Most of my time has been on Conroe and it gets real bad real fast.
The worst I've ever been in was three years ago with one of my SILs on Gibbins Creek Res. A fast moving cold front moved in on us before we new what happend we were in 3 to 4 footers. The waves were rolling towards the ramp. I got real lucky that day. Told SIL when he felt me hit the trailer to go like hail. Hit the trailer first shot and hammered on it to keep it on the trailer while he pulled me out. Took two over the stern before we cleared the water.
That was the first time I have ever been worried about loading the boat.


----------



## Danny O

I've been on Rayburn and Toledo Bend during rough weather, Conroe w/ boat traffic and firework nuts, but the times I felt totally vulnerable were on Livingston! The main lake is so vast that those afternoon storms can really cause havoc. I've pushed my luck on that "just one more fish" enough times to no better!


----------



## Jeff G

I've been in rough water in Conroe and lake Houston but lake Livingston has been the scariest for me. It can get bad so fast. Both times when it was bad , the waves were coming from the west to the east bank so it was impossible for me to put my boat on the trailer by myself when I launched at the 190 road bed free ramp .,I had to go tie up and wait it out in the storm for several hours until it calmed down a little .


----------



## Sunbeam

There are some basic formula for calculating max wave height and swell period verses water depth and wind speed.
To be simple it is easiest to say that mother nature will only allow a wave height of 1/3 the water depth. The wind builds waves in a non linear rate. Say a 10 mph wind makes a one foot wave. A 15 mph makes a two foot wave, 20 mph makes a four foot wave and so on.
During Hurricane Rita as the eye passed east of Livingston, the north wind in the NW quadrant was measured at 102 mph at the dam. 
It blew straight in to the dam. The water depth was and average of sixty feet. The waves hitting the rip rap were twenty feet high. As the wave hit the slope they ran up the dam levee and some (most) when over the road. As the water ran down the back side it eroded the grass covered soil.
Jeff Blankenship and Bob Hall both said they were sure the dam was going to fail in about three places west of the gates. They dumped water at about 85000 cfs for over 14 hours.
As we all know the lake was lowered four feet in less than 24 hours.
To me that storm and the waves it generated makes Livingston the all time "rough Water" state champ.
But I would nominate Lake Meridith at Fritch Texas in the Pan Handle as the most dangerous lake to fish on in the spring.
It is in a long canyon on the South Canadian River. Very high canyon walls and side canyons. It runs basically NW to SE. It is a very deep lake built in a wind tunnel.
Five to six foot waves with short period ( time between peaks) are common every time a Texas norther blows down off the Rockies. If you are fishing up a side canyon you will often find that you can not get back on to the main lake. And in most cases the walls are too high to climb out. I have spent lots of hours waiting for the wind to drop enough to get back to the only ramp near the dam.
As for a scary lake I would nominate Guerrero in Mexico. It is like Livingston in size but much deeper. Plenty of 120 ft to 150 ft water. A 20 mph wind will build wave were you absolutely can not operate a bass boat. Fortunately it is not windy except in the spring but when the wind does blow that lake is a killer. 
Also I have seen some rough water on the Songkhla Lake, Bang Lang Reservoir, Bueng Boraphat and Phayao Lakes in Thailand but that is a whole different story..... lets go fishing and I'll tell you the stories.


----------



## tbone2374

That's a pretty sound argument for Lake Livingston... I guess the worst lake for waves, is the one you are on when they hit ya !


----------



## rocket34

Sunbeam that is really interesting information. I knew that Rita produced some waves but it never ocurred to me that they could be 20ft and break over the dam. I thought the damage done was to the riprap on the lake side. WOW. 

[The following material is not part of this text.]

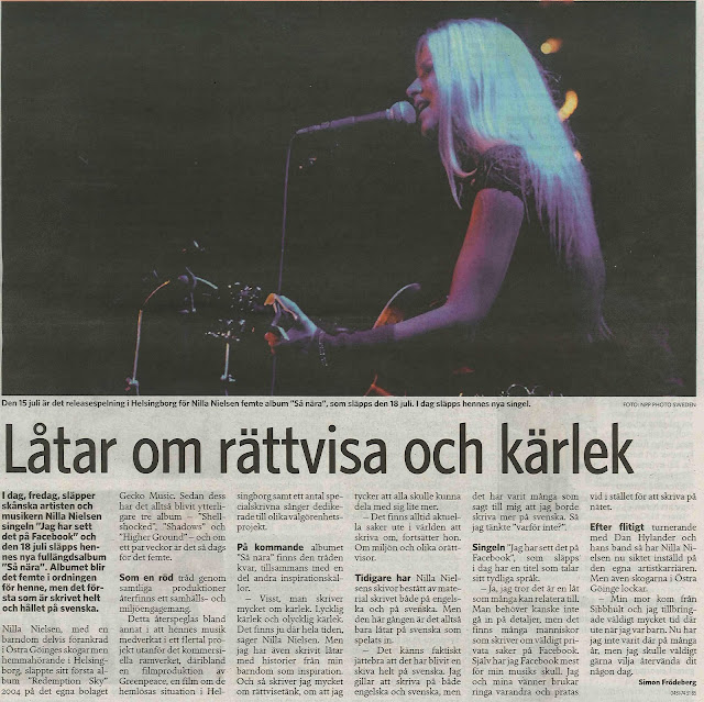 Nilla Nielsen släpper ny bok och nytt album (intervju, Helsingborgs Dagblad, 13 september 2016)

It may have been because I was a kid at the time but the most frightened I have been was on Possom Kingdom. I was with my Dad in a his14ft wooden speed boat circa 1955. We had put in at a marina that was in one of the protected coves. When we pulled past the cliffs of the cove into the main lake the wind was howling. We were in a real mess, taking on water, beaten by the waves, too small of a boat. I remeber my Mom berating him for years for putting us in that situation.

I didn't learn anything because July 4th 2 years ago I took the family by boat to see the fireworks in Onalaska. When we pulled into the river channel after the fireworks, we were confronted with some serious waves. Probably could have made it back to Indian Hills in the 21ft Larson but my wife was so upset that the only prudent thing to do was to go back to the marina and call someone to come get us. Several others joined me and some beat on across the lake. TPW officers told us while we were waiting that a boat had swamped but no one drowned.


----------



## Sunbeam

Yes I remember that night. It was scary for a lot of folks. Being a very dark night and most folks without proper knowledge of the lakes dangers was a prescription for disaster. You are right. It was just luck that no one died.


----------



## Whitebassfisher

bueyescowboy said:


> then the thought hit me....can't drown where you can stand and the boat can't sink on bottom. Off to the left is a swim area that is shallow. Parked the boat in 2 ft of water as the park police watch. Can't drown in 2 ft of water......at least I could breath.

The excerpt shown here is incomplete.